Furthermore, we noticed that the fold change values of tsRNAs in plasma was higher than in tissue. 153 out of 155 DEtsRNAs displayed larger fold change values in plasma than in tissues. This could be due to the fact that tsRNA expression levels in plasma were substantially lower than in tissue. Plasma is easier to collect than tissue when it comes to diagnosing cancers. The most prevalent approach for determining RNA expression levels is RT-qPCR. High fold change values can improve the sensitivity of results, but lower expression levels can compromise the precision of the results. To ensure the accuracy of the diagnostic results, the critical value of tsRNAs expression level that can be identified in plasma must be determined.

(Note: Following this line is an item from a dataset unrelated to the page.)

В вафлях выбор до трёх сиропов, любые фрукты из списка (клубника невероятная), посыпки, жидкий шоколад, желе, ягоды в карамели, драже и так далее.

However, our study has several drawbacks. To begin with, because the research on tsRNA is still in its early stages, the IDs used throughout databases are variable, as are the comparison factors, which makes tsRNA quantification more challenging. Furthermore, since the public data is derived from a variety of technological platforms, it may impact on the outcomes. Finally, future research on the mechanism of tsRNA should be performed to study them in-depth.

Conclusions

In conclusion, we created a tsRNAs-mRNA network and discovered three hub tsRNAs. The fundamental mechanism of LUAD was investigated using functional enrichment analysis of target genes. Three tsRNAs were revealed for the diagnosis of LUAD using machine learning approach. Combining bioinformatics and experimental methods, we explored the function of tRF-21-RKP4P9L0. Our research identifies new potential diagnostic and therapeutic targets for LUAD, as well as new insights into the LUAD's pathogenesis.